Records from a collection –
========================
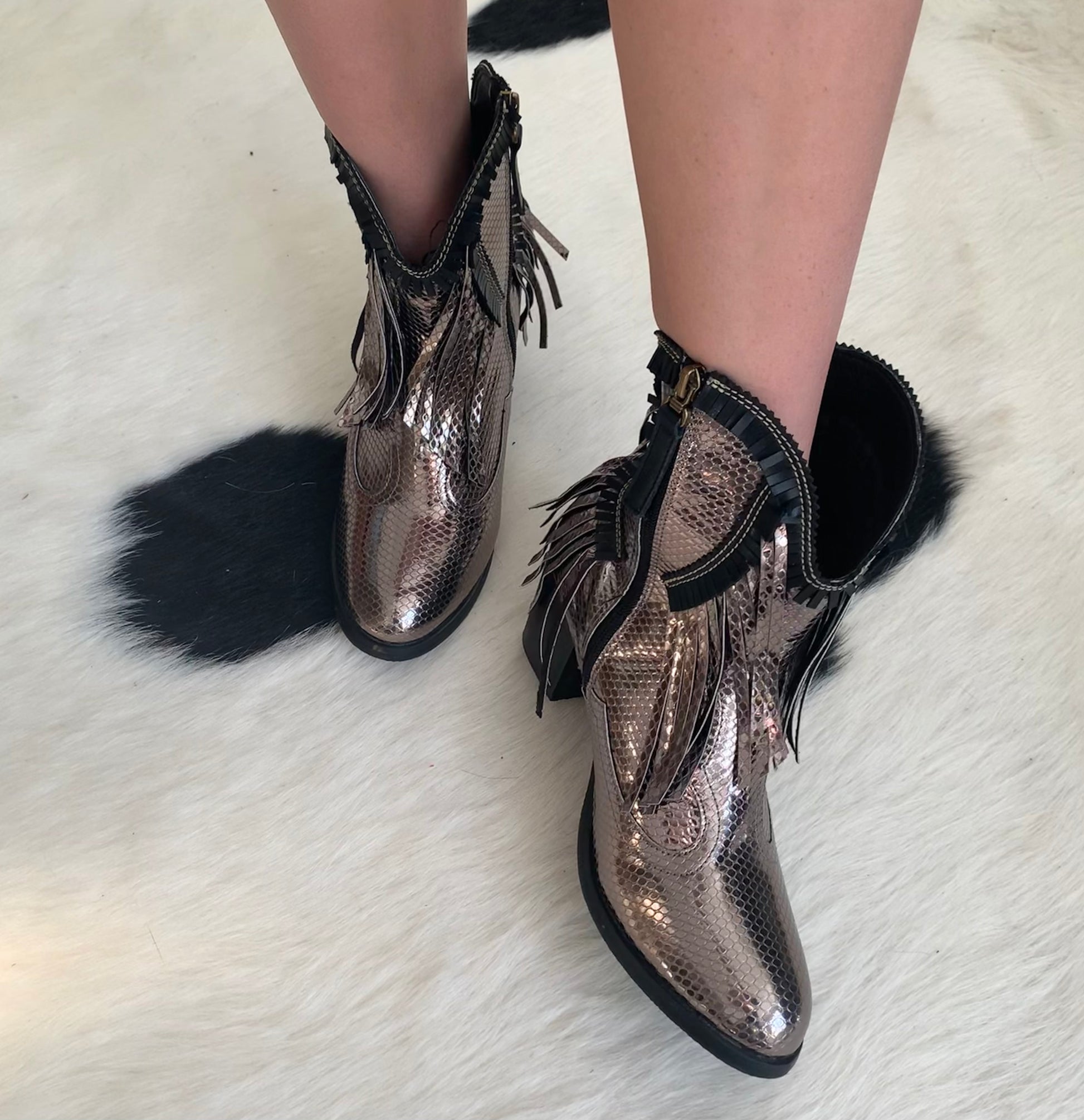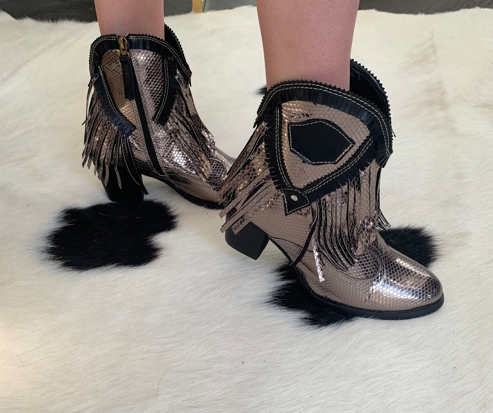 Silver Fringe Booties
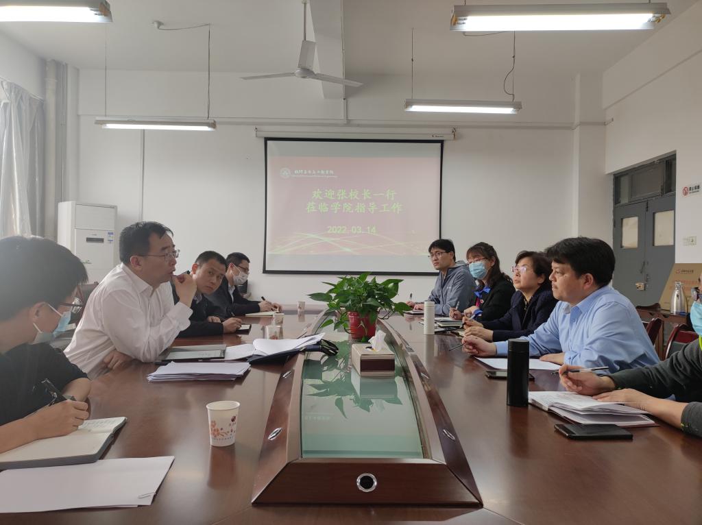 3月14日下午,校长张守华深入物理与电气工程学院调研指导工作。学院党政负责人等参加座谈会。
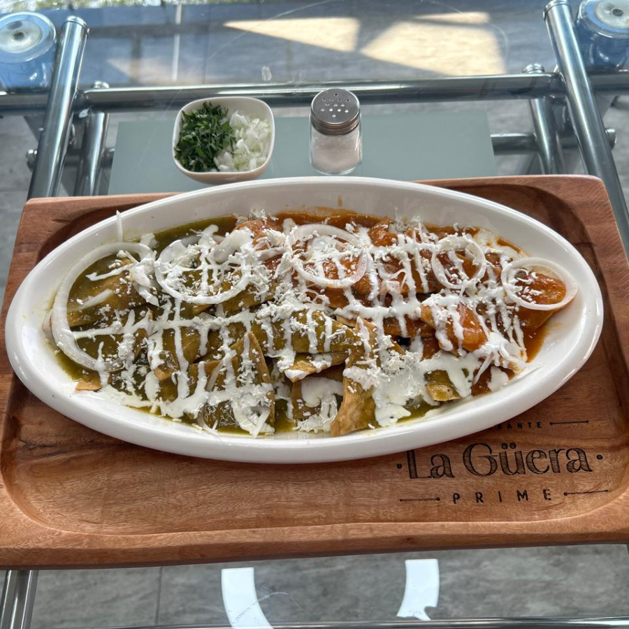Delicisiosa orden de chilaquiles, incluye fruta, cafe o agua de tamaarindo
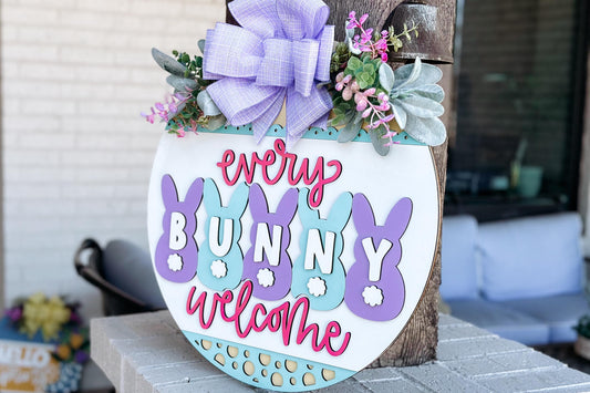 Every Bunny Welcome Door Hanger SVG, Easter Bunny Laser Cut File, Spring Layered Wood Sign Design, Glowforge SVG, Bunny Decor
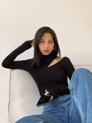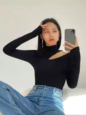 HUYIFAN black knitwear women design sense niche 2021 new long sleeve T-shirt female slim base shirt
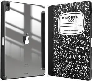 Fintie Hybrid Slim Case for iPad Air 13-inch (M3) 2025, (M2) 2024 - [Built-in Pencil Holder] Shockproof Cover with Clear Transparent Back Shell, Composition Book
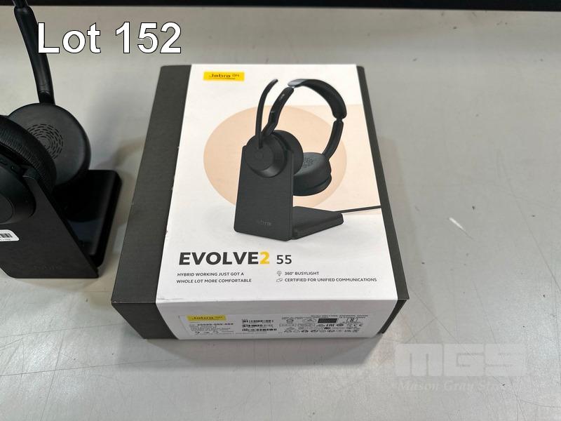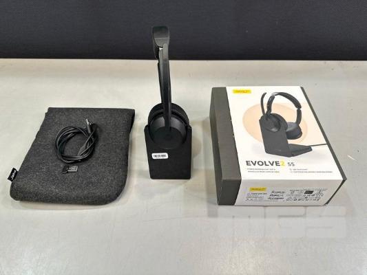2 x JABRA EVOLVE 2 55 WIRELESS HEADSETS, HSC170W WITH CABLES & BLUETOOTH RECEIVERS
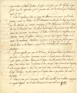 Little Ealing octobre-novembre 1821, à Louis-Philippe, duc d’Orléans ; 4 pages et quart in-4, adresses. Sur la situation en Europe et en Grèce. 24 octobre. Il lui a déjà raconté tout ce qu’il se rappelle sur le général Le Veneur, et il recommande de raisonner leur ami Valence, car il ne souhaite pas s’engager dans une guerre de plume, et il nie de même le projet d’écrire une histoire politique de l’Europe depuis sa « sortie » de France. Il pense comme lui sur la politique extérieure : « Le mystère impénétrable dont elle est enveloppée est la conséquence nécessaire du manque de fixité des plans, des idées contradictoires et des intérêts opposés de la Russie, de l’Autriche et de l’Angleterre, et enfin de l’absurdité des Turcs. Je crois que définitivement ce nœud gordien sera tranché par l’épée »... Il achève une adresse aux Grecs sous la signature de Léonidas... 11 novembre. Il serait bien aise de voir le duc de Richelieu continuer sa présidence du Conseil : « c’est un fil qui nous rattache à la Russie, et qui [...] nous garantit des insinuations du cabinet de St James, qui me paraît le plus obstiné, contre nos pauvres Grecs »... Il lui enverra M. Piecolos, pour l’instruire des affaires de la Grèce... Il évoque le voyage du Roi d’Angleterre en Autriche, où Metternich a eu peu de temps pour traiter… « s’il y a guerre entre la Russie et la Turquie, ce que je crois indubitable, elle commencera au printemps »…
========================
EXERCISE INSTRUCTIONS –
From the first line of the entries down to the line with "2 x JABRA EVOLVE", print each line exactly; omit any picture.

RESULT –
 Silver Fringe Booties
 3月14日下午,校长张守华深入物理与电气工程学院调研指导工作。学院党政负责人等参加座谈会。
Delicisiosa orden de chilaquiles, incluye fruta, cafe o agua de tamaarindo
 Every Bunny Welcome Door Hanger SVG, Easter Bunny Laser Cut File, Spring Layered Wood Sign Design, Glowforge SVG, Bunny Decor
 HUYIFAN black knitwear women design sense niche 2021 new long sleeve T-shirt female slim base shirt
 Fintie Hybrid Slim Case for iPad Air 13-inch (M3) 2025, (M2) 2024 - [Built-in Pencil Holder] Shockproof Cover with Clear Transparent Back Shell, Composition Book
2 x JABRA EVOLVE 2 55 WIRELESS HEADSETS, HSC170W WITH CABLES & BLUETOOTH RECEIVERS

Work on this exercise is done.